● **Data section**
^^^^

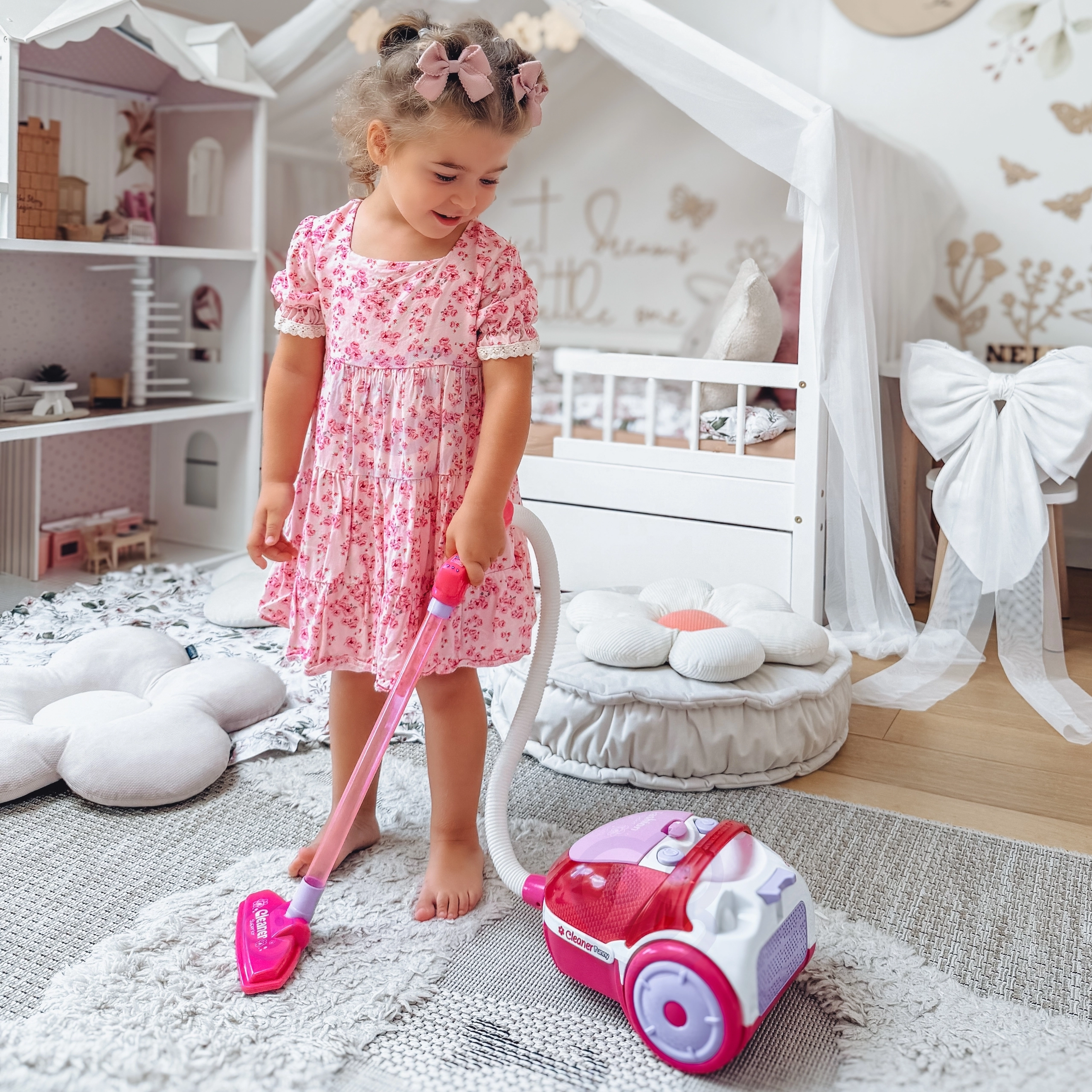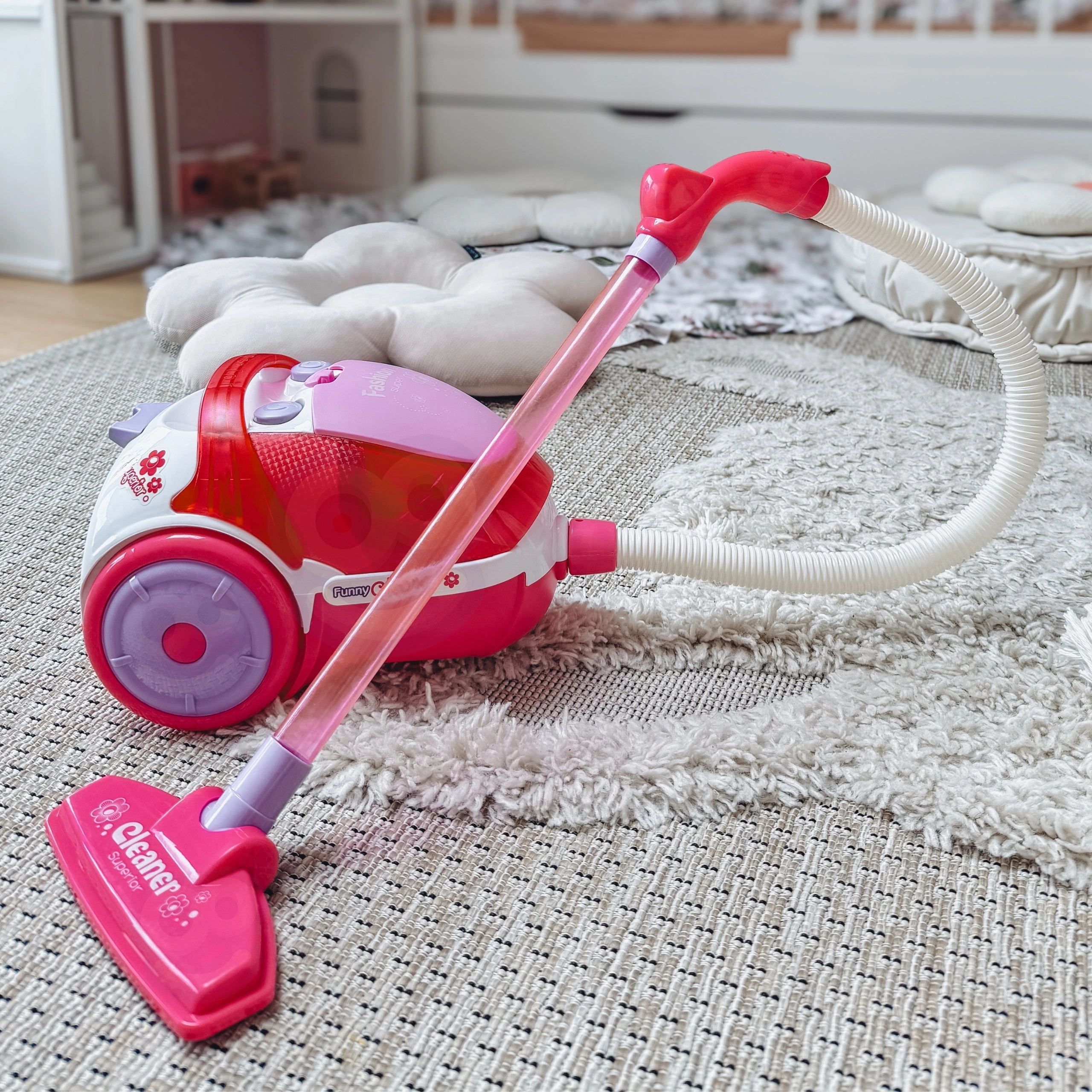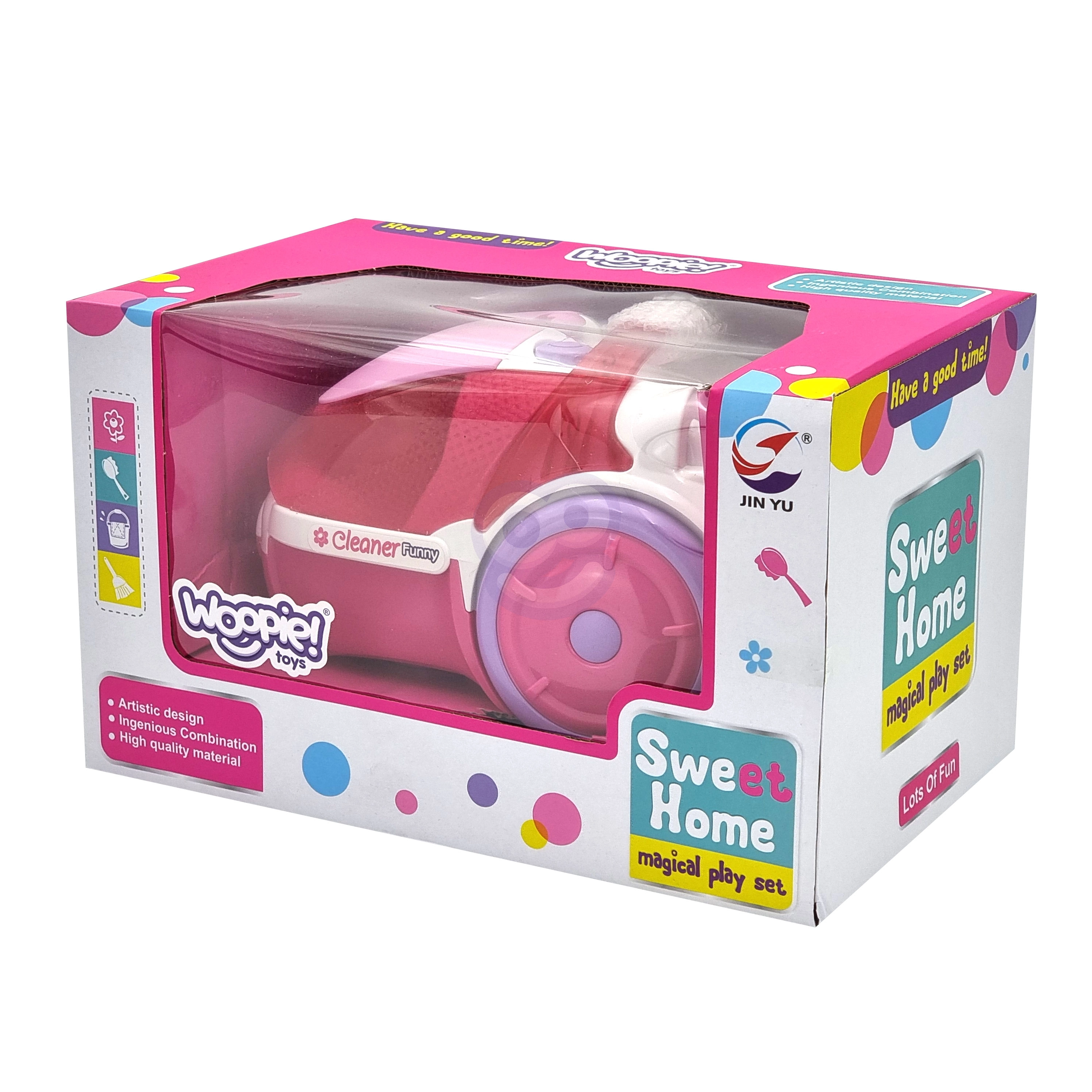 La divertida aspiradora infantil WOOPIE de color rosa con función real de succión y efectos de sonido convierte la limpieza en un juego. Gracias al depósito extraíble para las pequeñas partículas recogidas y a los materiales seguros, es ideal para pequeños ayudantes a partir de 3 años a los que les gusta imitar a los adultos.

^^^^

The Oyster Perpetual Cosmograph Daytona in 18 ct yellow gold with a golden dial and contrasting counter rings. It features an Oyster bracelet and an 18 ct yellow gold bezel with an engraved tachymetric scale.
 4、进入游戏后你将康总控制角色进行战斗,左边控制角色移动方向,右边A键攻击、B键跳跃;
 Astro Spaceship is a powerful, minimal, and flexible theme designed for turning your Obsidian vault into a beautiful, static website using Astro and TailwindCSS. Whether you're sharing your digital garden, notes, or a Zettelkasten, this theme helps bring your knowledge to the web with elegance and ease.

^^^^

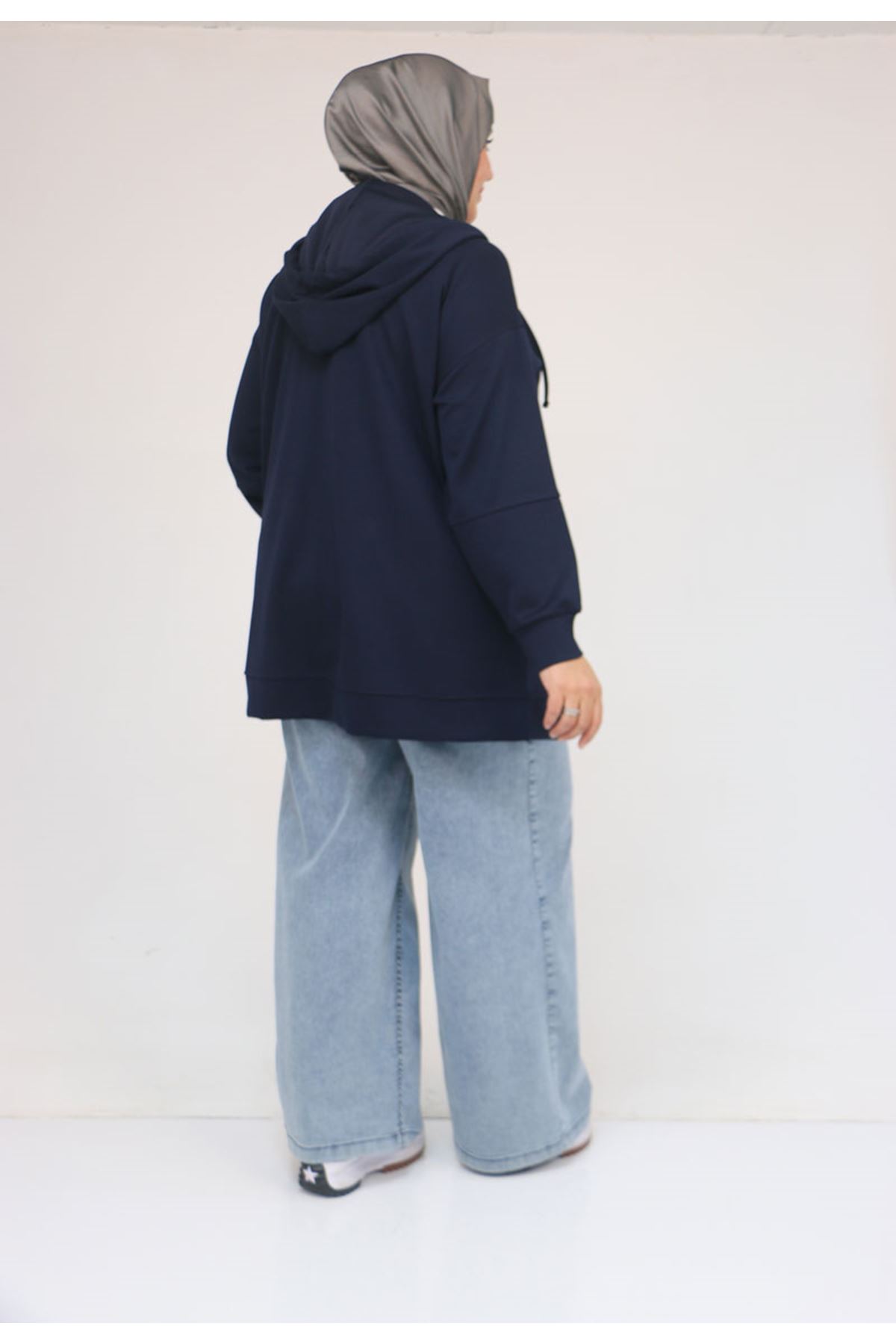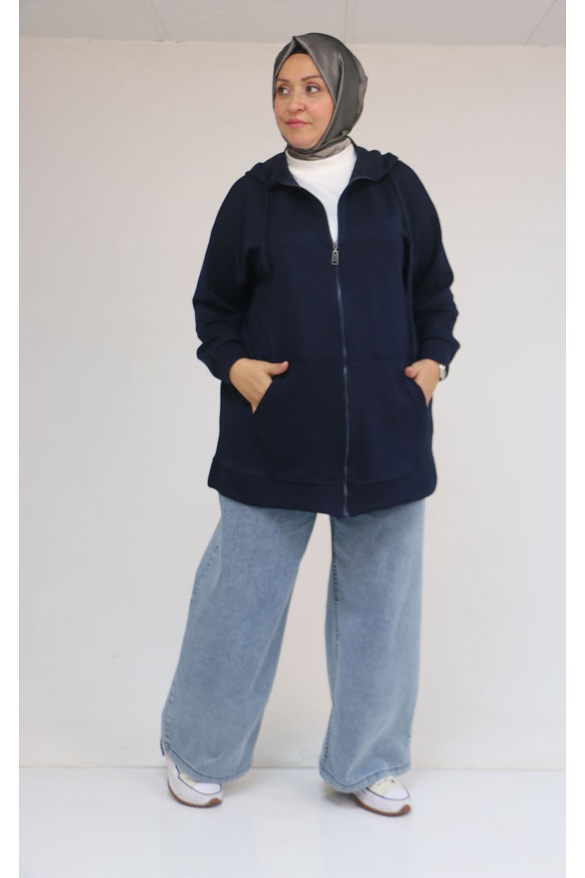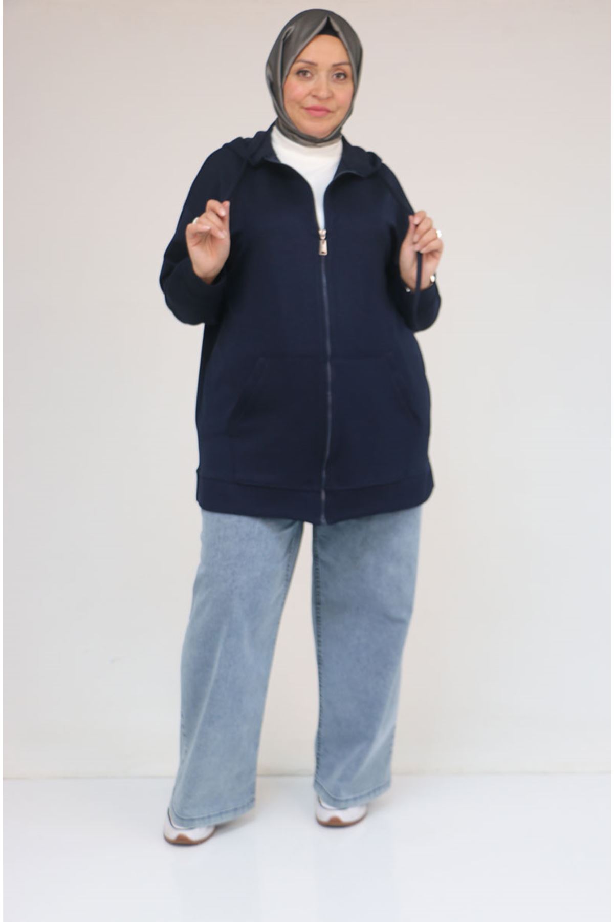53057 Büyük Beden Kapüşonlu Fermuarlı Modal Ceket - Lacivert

^^^^

● **Task**
Output only an exact transcription of the lines above from the one with "4、进入游戏后你将康总控制角" up to and including the one with "Astro Spaceship is".

● **Reply to the task**
 4、进入游戏后你将康总控制角色进行战斗,左边控制角色移动方向,右边A键攻击、B键跳跃;
 Astro Spaceship is a powerful, minimal, and flexible theme designed for turning your Obsidian vault into a beautiful, static website using Astro and TailwindCSS. Whether you're sharing your digital garden, notes, or a Zettelkasten, this theme helps bring your knowledge to the web with elegance and ease.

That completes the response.